Many developers use Zod to validate input data on the front end before sending it to the backend via a Server Action. While this is a good practice, it leaves your Server Actions —or essentially your API routes— still vulnerable to invalid data, allowing bad-actors to directly send any data they wish to the server side of your application.
Implementing (copying) the same Zod schema from your client component into your server action is a solution. However, as lazy developers, we do not want to repeat ourselves (keep it DRY!).
The Solution
The solution to this problem is to migrate the Zod schema, which validates user input, directly into your Server Action and ship all validation errors back to your Client Component. This results into your Server Action being fully secure, while still providing the capability to display appropriate input validation errors on the front-end based on the Zod results. This is exactly what next-server-action-validation solves.

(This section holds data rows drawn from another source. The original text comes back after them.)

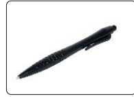
touch pen (included)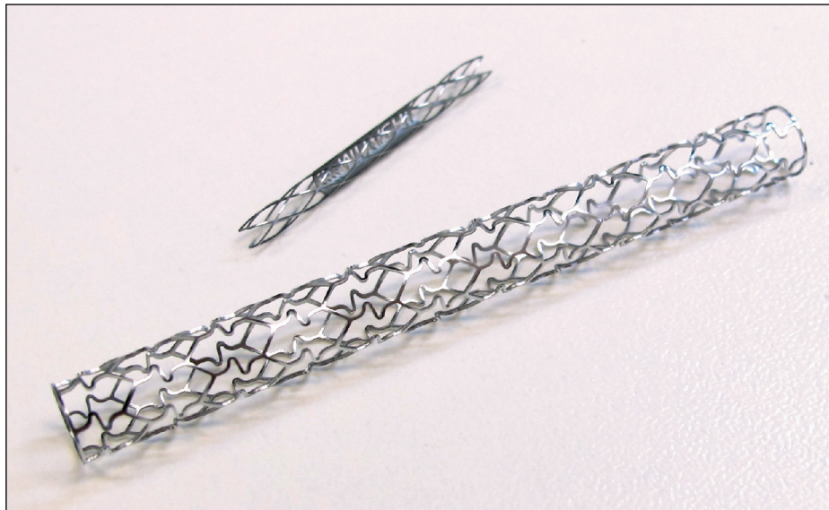
Figure 1 – Laser cut stents

Stents and hypodermic tubes (hypotubes) are used in countless applications and the demand is growing rapidly in response to the continued demand of stent applications and growth of minimally invasive surgery. The sheer number and diversity of devices is rapidly increasing – and with it the demand for more and more laser cut stents, flexible tubing, cannulas and micro cannulas, needles, biopsy devices, and other minimally invasive tools. Figure 1 shows examples that represent common features of modern stents.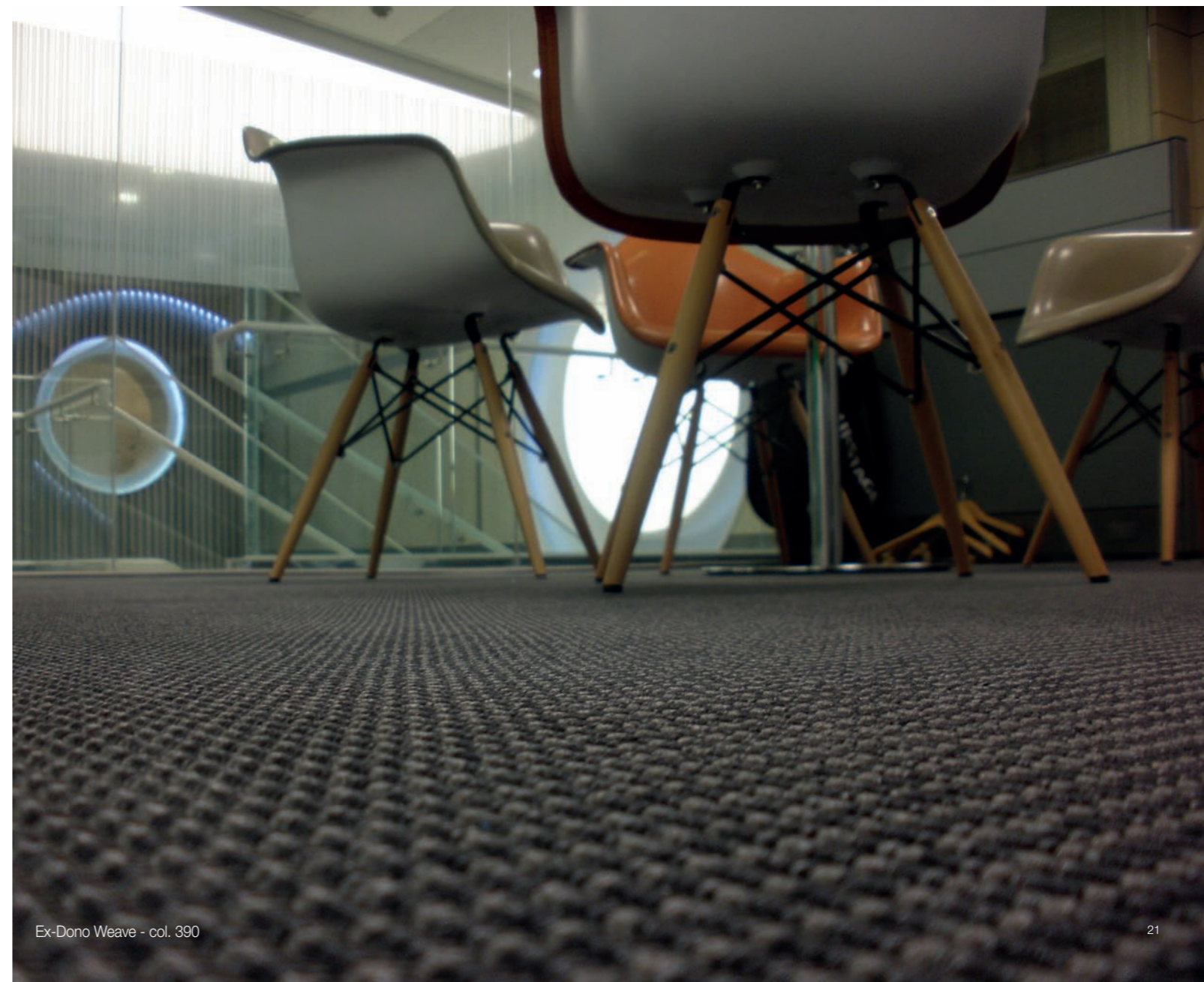
Ex-Dono Weave - col. 390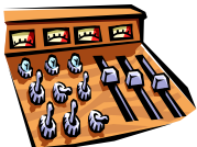
Digital Audio Playback & Control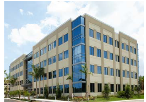
Boca Colonnade II, Boca Raton, FL LEED Gold certified

This 616,000 square foot, Class A bulk distribution facility is part of a 143-acre, 1.7 million square foot distribution center, Hunters Green II. It earned LEED Silver certification for its many green features which include native plantings that require no irrigation; high efficiency water conserving toilets, sinks and shower fixtures to reduce water consumption by over 30%; a construction waste management program diverting 75% of construction waste from landfills and choosing paints, sealants, coatings and carpeting that reduce the indoor air contaminants that are harmful to its occupants.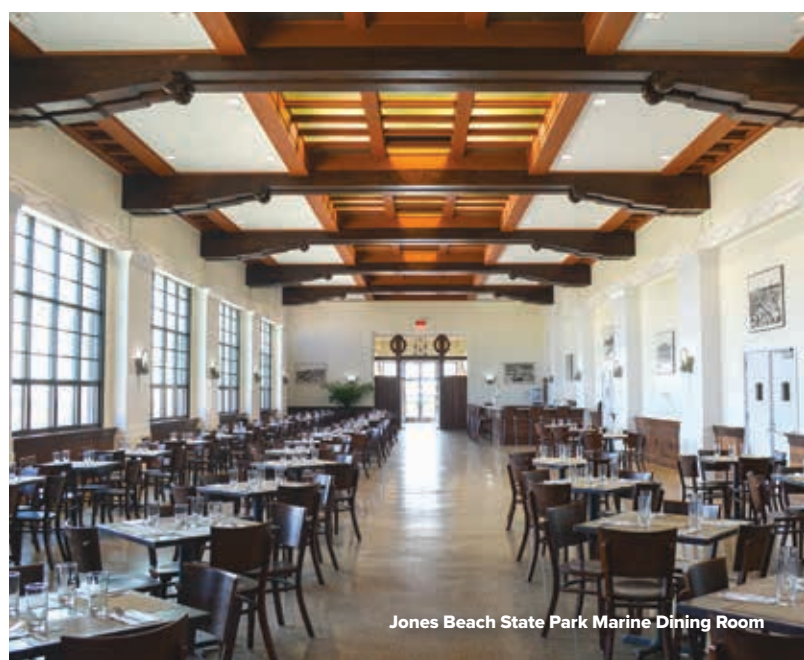
Jones Beach State Park Marine Dining Room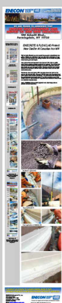
Vol 9 Issue 14 ENECON Coatings Protect New Clarifier At Canadian Iron Mill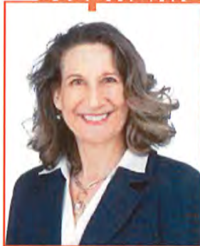
SVP of Innovation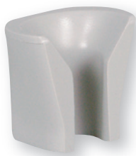
Part # 201220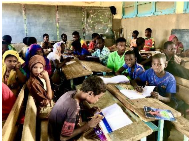
Refugee students in class in the newly constructed secondary school in Goudoubo.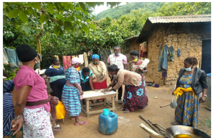
Training of women in livelihood skills in Bukonzo Sub County, Bundibugyo District, in Western Region.

This represents 76.6 % of the estimated need for 2020.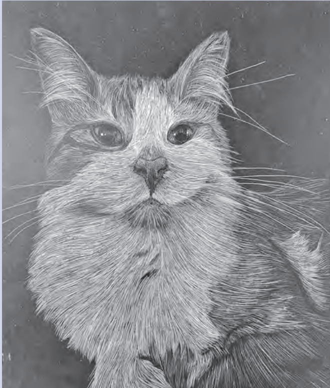
Hazel Shepard, Grade 8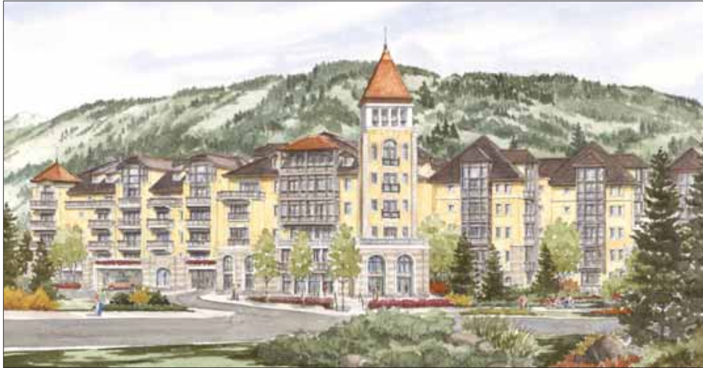
Courtesy of RCR Vail. This artist rendering is provided for illustrative and marketing purposes only and should not be relied upon as a basis for purchasing since all elements are subject to change or refinement without notice. Finish details should be verified before purchasing.

New real estate developments are a large part of Vail's renewal, as baby boomers, retirees and even young families continue to seek the quiet, slower pace of the high country and a place for several generations to gather.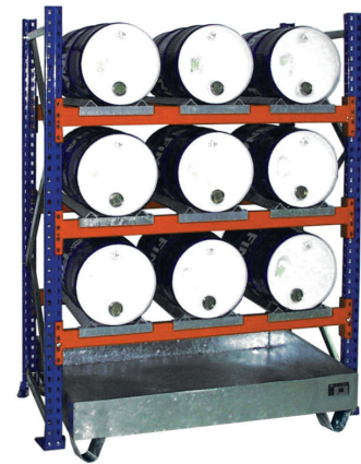
Basic shelf 3004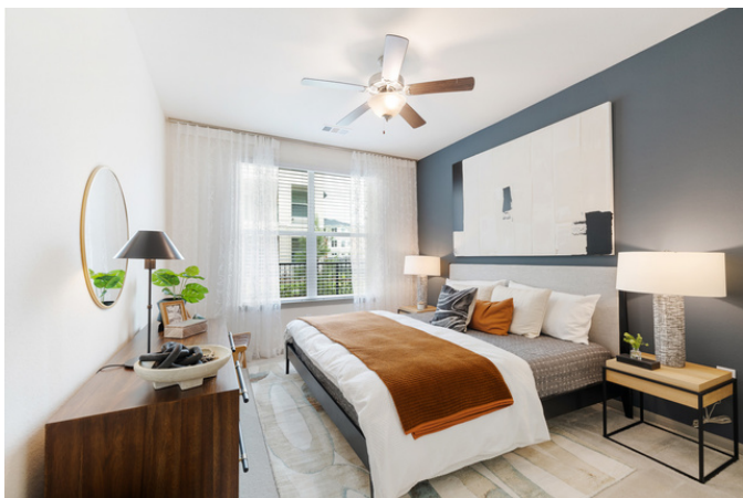
11 of 36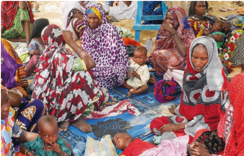
Internally displaced people in Bol, in Sahelian Chad located on the coast of Lake Chad. It is projected that by 2030 more than half of the people living in poverty will be found in countries affected by high levels of violence.

Fragility has already demonstrated, with worrying and convincing force, why it has the potential to be the single biggest spoiler to the ambitions behind not just the SDGs, but also to sustaining peace, efforts to adapt to climate change, as well as other key geopolitical priorities. Addressing it must therefore be a collective priority for the development, diplomatic as well as defence communities. Smarter approaches to engaging in contexts affected by fragility, including through foreign policy channels, could help ensure that investments in tackling fragility are maximised, and worth every cent.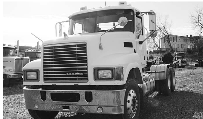
'08 Mack DHU613, day cab, VIN 1M1AN09Y78N002096, $20,000.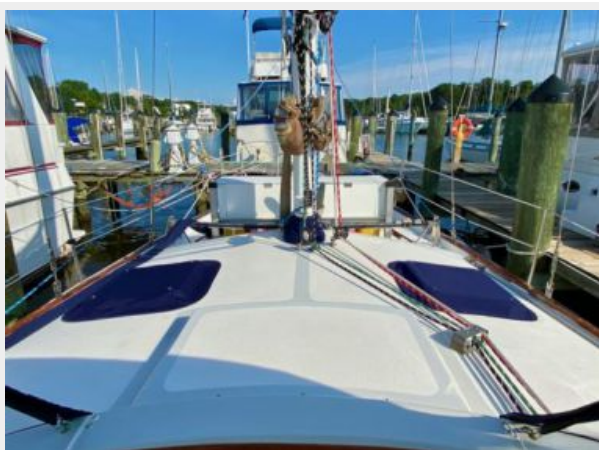
Irwin 43 MK III - Ancora Qui - 15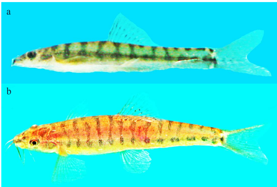
Figure 3. Nemacheilus marang : a. MZB 13301, holotype, 38.9 mm SL; b. MZB 13306, 55.9 mm SL, a gravid female, Marang River, Tepian Langsat, Sangkulirang karstic area, Kalimantan Timur Province, Indonesia.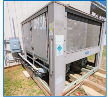
CARRIER 30GTN040-920GA CONDENSING UNIT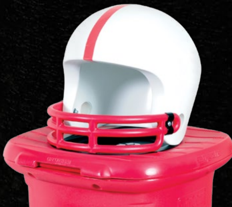
Football Helmet Lid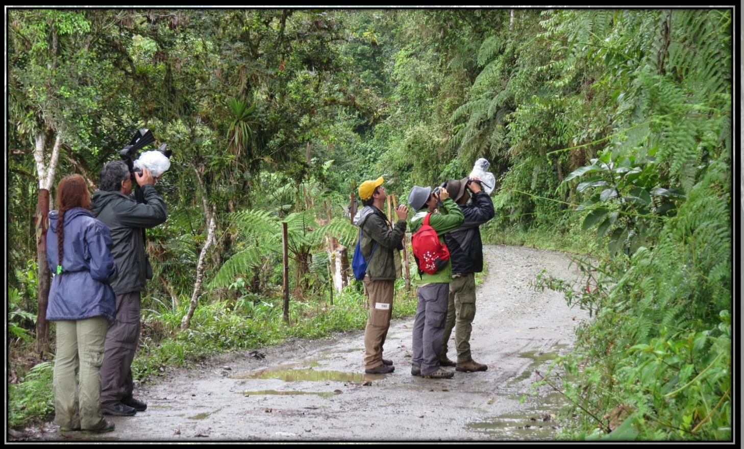
Birding in Monterredondo

Endemic birds: Cundinamarca Antpitta, Brown-breasted Parakeet, East Andean Antbird.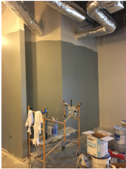
2018.11.19 – Final painting has started.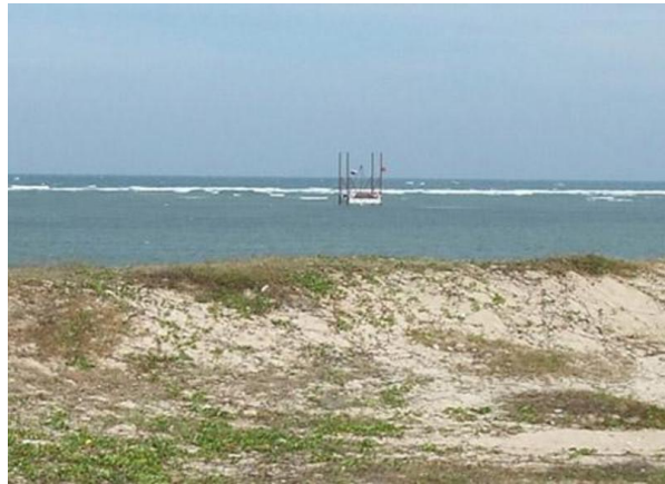
The first nuclear power plant will be built on this site in Ninh Thuan Province in southeastern Vietnam

According to the plan, by 2014, all residents of the village will be relocated two kilometers away and the village will become a nuclear power plant village. He too will have to part with his grape fields, which he must have cared for painstakingly. “They say that they will give us substitute farms in the area we relocate to. No one is delighted to leave the village, but it can’t be helped as it’s for the development of the country.”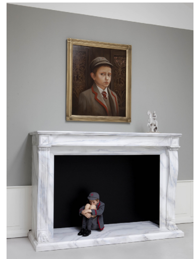
«High expectations», 2011 Fibreglass resin, polyurethane resin, acrylic, wood, acrylic paint, oil paint, hair, MDF, acrylic, wax, oil paint on canvas. 240 x 300 x 90 cm / 7.10 feet x 9.10 feet x 35 1/2 inches

2009 : «Where do we go from here ? Selections from La Coleccion Jumex», Bass Museum of Art, Miami ; «Romantische Maschinen», Georg Kolbe Museum, Berlin ; «The Making of Art», Kunsthalle Schirn, Frankfurt am Main ; «LYST», Overgaden, Institut for Samtidskunst, Copenhagen ; «New Aquisitions», Louisiana Museum of Modern Art, Humlebaek ; «En todas as partes», Politicas de diversidad sexual na arte - CGAC - Centro Galego de Arte Contemporanea, Santiago de Compostela ; «The Porn Identity» Kunsthalle, Wien.

Implementing next-server-action-validation
So how do you use next-server-action-validation? It's quite simple.
Installation
npm install next-server-action-validation zod
Usage
As mentioned, we use Zod for the runtime validation of data that that gets passed into our Server Actions. This package provides a function called withValidation which wraps your Server Action and validates the data passed into it.
Step 1: Protect your Server Action
To protect your server action it needs to be wrapped in the withValidation function together with a Zod.js validation schema.
// server-action.ts
'use server';
import { withValidation } from 'next-server-action-validation';
import * as z from 'zod';
// 1. Create the Validation Schema
const myServerActionSchema = z.object({
name: z.string().min(4)
});
// 2. Wrap your server action in the `withValidation` function
export const myServerAction = withValidation(
myServerActionSchema,
async (data: z.infer<typeof myServerActionSchema>) => {
console.log(data); // Data is fully typesafe
return true;
}
);Step 2: Use your Server Action
To use your server action and check for validation errors we can simply call our action and pass its result into the isValidationError function. If this function resolves to be truthy the validation failed. From now on the type of our result is a ValidationError which holds all validation errors.
// page.tsx
'use client';
import { useState } from 'react';
import { isValidationError } from 'next-server-action-validation';
import { myServerAction } from '@/app/page.actions';
export default function Home() {
const [myString, setMyString] = useState('');
async function handleSave() {
// 1. Call your server action as normal
const result = await myServerAction({ name: myString });
// 2. Check for validation errors
if (isValidationError(result)) {
// The type of result.errors is an array of `ZodIssues`
// which we can use to display proper error messages
console.log(result.errors);
// 3. Return out of the function
return;
}
// 4. Proceed as normal
console.log('We passed correct data!');
}
return (
<main>
<Input onChange={(e) => setMyString(e.target.value)} />
<Button onClick={handleSave}>Save</Button>
</main>
);
}Conclusion
In conclusion, next-server-action-validation bridges a crucial gap in Next.js Server Actions by securely integrating Zod schema validation directly into server-side processing. This approach not only fortifies your Server Actions against invalid data but also maintains the ease of displaying validation errors on the client side.
By using this package, you can enhance your Next.js applications' security without sacrificing development speed or violating the DRY principle. It's a step forward in making full-stack development with Next.js more robust and efficient.